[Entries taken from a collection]
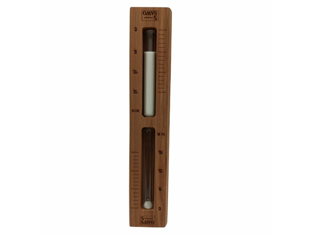 - Přesýpací hodiny s bílým pískem z cedrového dřeva.
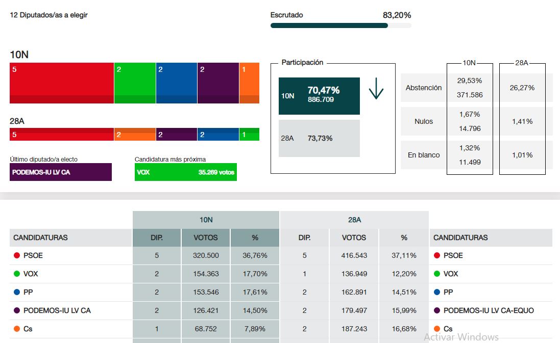 Baja la participación más de un 3%, quedando en un 70% tras el 73,73% del 28A. Aumentan también las abstenciones y los votos nulos y en blanco.
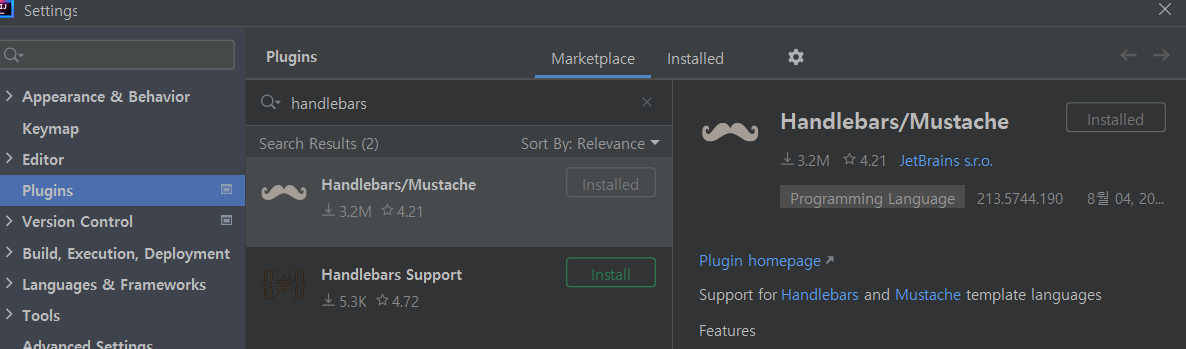 IntelliJ를 사용중이라면 Handlebars 플러그인을 설치하여 문법체크 등과 같은 많은 지원을 받을 수 있습니다.
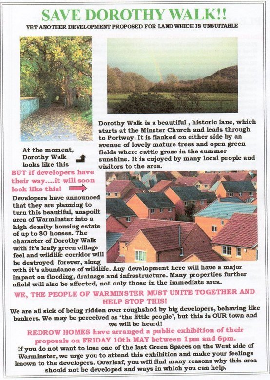 “Save Dorothy Walk. Yet another development proposed for land which is unsuitable. Dorothy Walk is a beautiful, historic lane, which starts at the Minster Church and leads through to Portway. It is flanked on either side by an avenue of lovely mature trees and open grass fields, where cattle graze in the summer sunshine. It is enjoyed by many local people and visitors to the area. Developers have announced that they are going to turn this beautiful, unspoilt area of Warminster into a high density housing estate of up to 80 houses. The character of Dorothy Walk with its leafy green village feel and wildlife corridor will be destroyed forever, along with its abundance of wildlife. Any development here will have a major impact on flooding, drainage and infrastructure. Many properties further afield will also be affected, not only those in the immediate area. We, the people of Warminster, must unite together and help stop this! We are are all sick of being ridden over roughshot by big developers, behaving like bankers. We may be perceived as ‘the little people’, but this is OUR town and we will be heard! Redrow Homes have arranged a public exhibition of their proposals on Friday 10th May between 1 pm and 6 pm. If you do not want to lose one of the last green spaces on the west side of Warminster, we urge you to attend this exhibition and make your feelings known to the developers.”
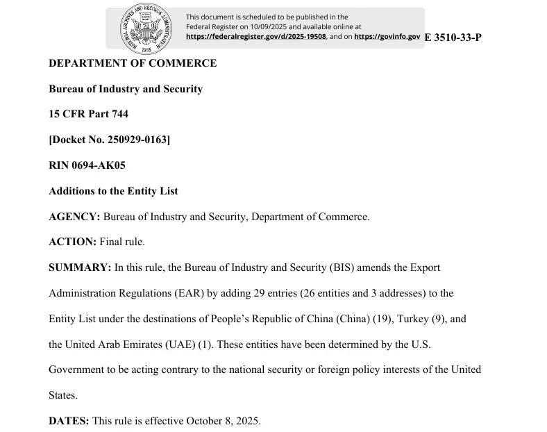 10月8日,美国商务部工业与安全局(BIS)发布了一项“突袭式”最终规则:一口气将26家公司、3个地址正式列入出口管制“实体清单”(Entity List)。其中,有中国19家实体、包括16家中企以及3个香港地址。这份清单背后,不只是简单的“制裁”二字,而是一场全球供应链的“地震”。
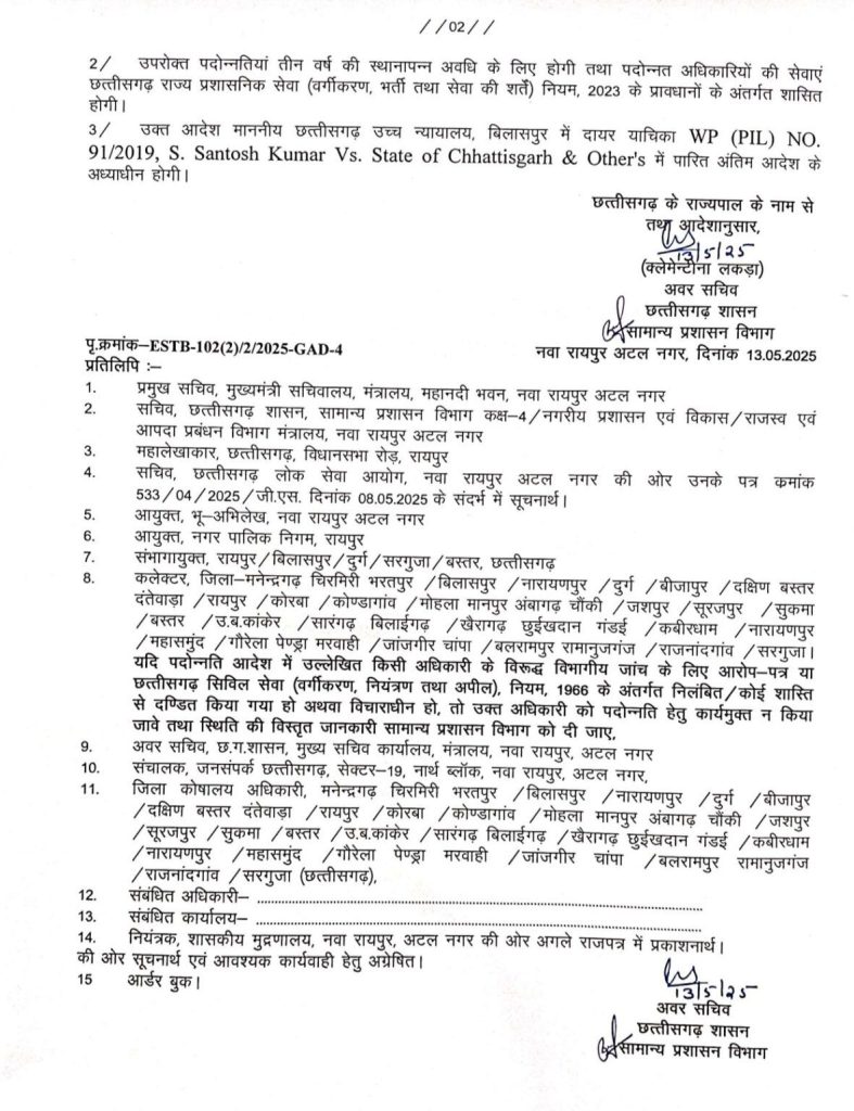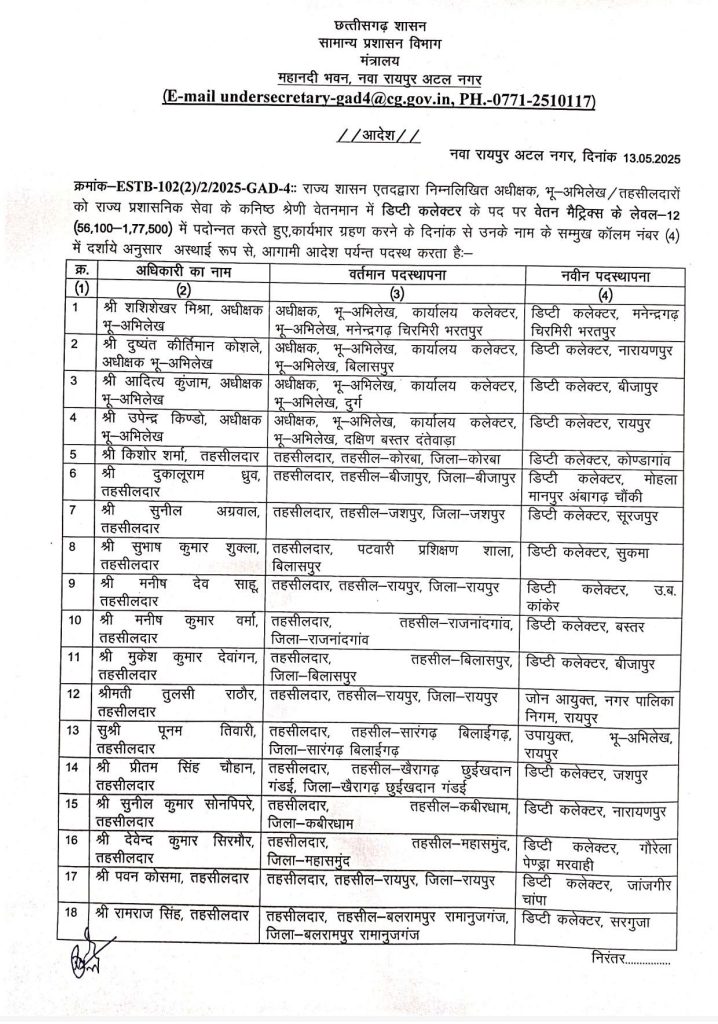 बड़ी खबर। राज्य शासन के 18 तहसीलदारों का डिप्टी कलेक्टर के पद पर हुआ पदोन्नति
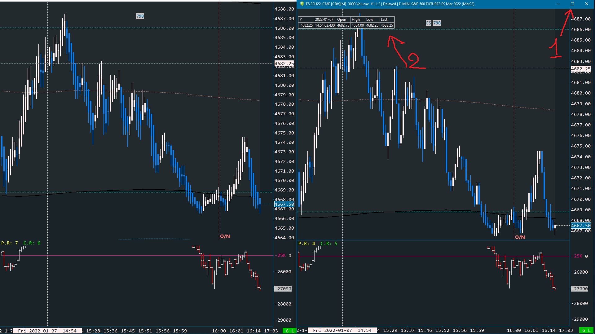 Yes sure, please find attached. Pic 1 is a view of 2 markets arranged vertically. When I click on the maximize button (N.1 - picture 1) the compact tool value (N.2 in picture 1) moves along with the enlarged window, such as in the upper left-hand corner) as shown in picture 2). The same goes when I restore down the window in order to monitor multiple markets. However, rather than clicking on the button (N.1 in picture 1), I have a keyboard shortcut to maximize the window and another one for restoring the window. When I use the keyboard shortcut, the compact tool value window stays in the same position (see Pic 3). This problem happens only on windows that are detached from sierra chart. Any windows maximized or restored through keyboard shortcuts within the instance, works just fine. Hope this has been useful to understand the issue. Look forward to hearing back from you. Regards, F |
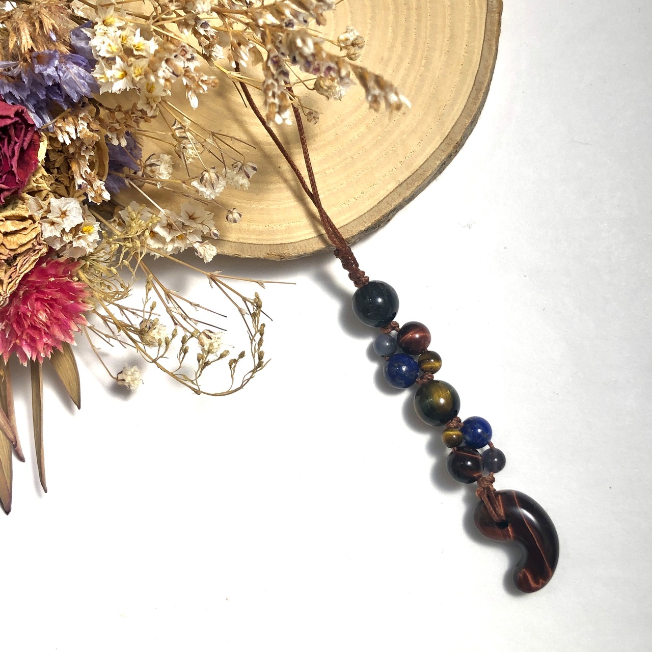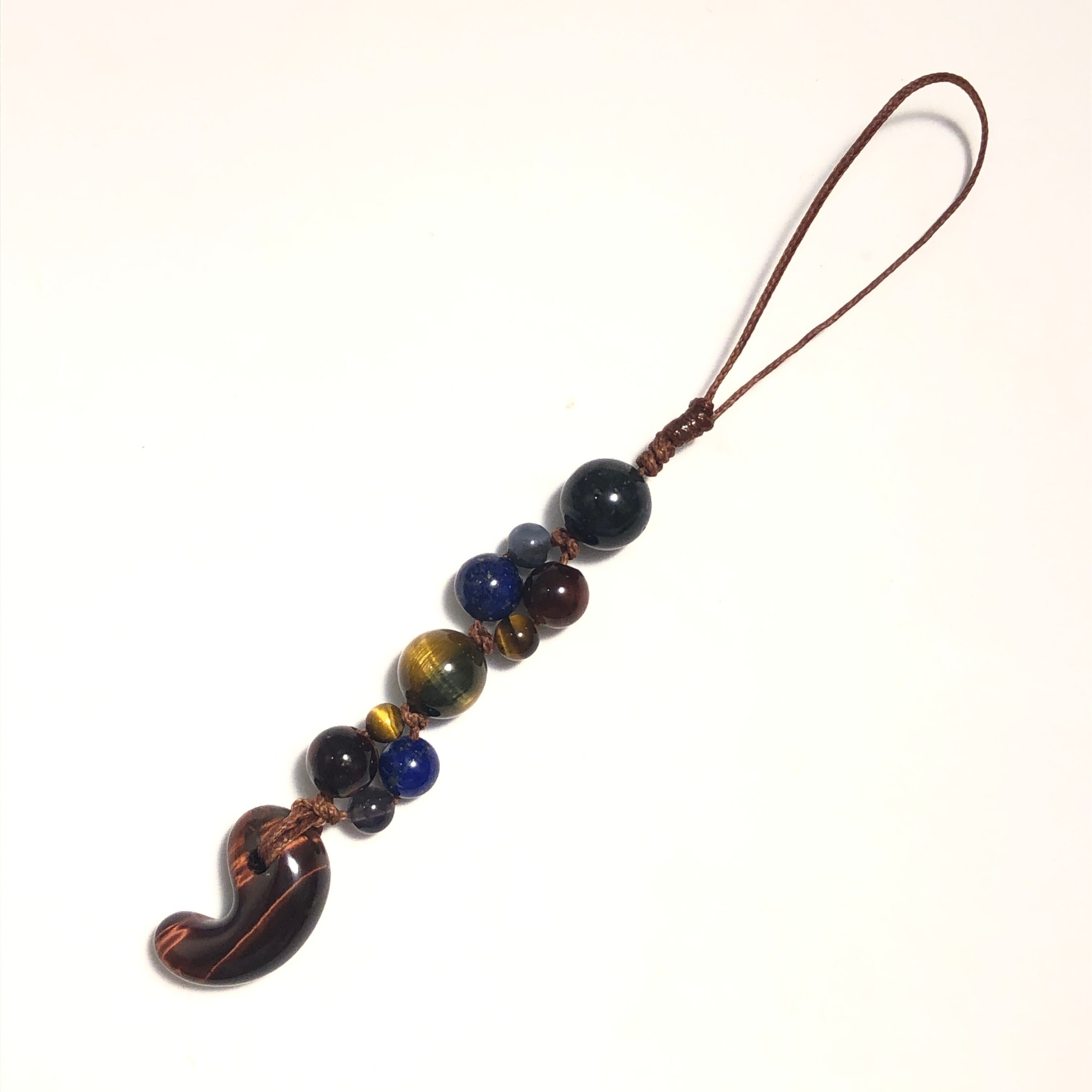 レッドタイガーアイ(勾玉)、スレイマンアゲート、ファルコンタイガー、タイガーアイ、ラピスラズリ、レッドタイガーアイ、アイオライト

**What you should do**
Give again, word for word, only the lines that run from the top of the data above through the line with "10月8日,美国商务部工业与". Drop the pictures.

**Task solution**
 - Přesýpací hodiny s bílým pískem z cedrového dřeva.
 Baja la participación más de un 3%, quedando en un 70% tras el 73,73% del 28A. Aumentan también las abstenciones y los votos nulos y en blanco.
 IntelliJ를 사용중이라면 Handlebars 플러그인을 설치하여 문법체크 등과 같은 많은 지원을 받을 수 있습니다.
 “Save Dorothy Walk. Yet another development proposed for land which is unsuitable. Dorothy Walk is a beautiful, historic lane, which starts at the Minster Church and leads through to Portway. It is flanked on either side by an avenue of lovely mature trees and open grass fields, where cattle graze in the summer sunshine. It is enjoyed by many local people and visitors to the area. Developers have announced that they are going to turn this beautiful, unspoilt area of Warminster into a high density housing estate of up to 80 houses. The character of Dorothy Walk with its leafy green village feel and wildlife corridor will be destroyed forever, along with its abundance of wildlife. Any development here will have a major impact on flooding, drainage and infrastructure. Many properties further afield will also be affected, not only those in the immediate area. We, the people of Warminster, must unite together and help stop this! We are are all sick of being ridden over roughshot by big developers, behaving like bankers. We may be perceived as ‘the little people’, but this is OUR town and we will be heard! Redrow Homes have arranged a public exhibition of their proposals on Friday 10th May between 1 pm and 6 pm. If you do not want to lose one of the last green spaces on the west side of Warminster, we urge you to attend this exhibition and make your feelings known to the developers.”
 10月8日,美国商务部工业与安全局(BIS)发布了一项“突袭式”最终规则:一口气将26家公司、3个地址正式列入出口管制“实体清单”(Entity List)。其中,有中国19家实体、包括16家中企以及3个香港地址。这份清单背后,不只是简单的“制裁”二字,而是一场全球供应链的“地震”。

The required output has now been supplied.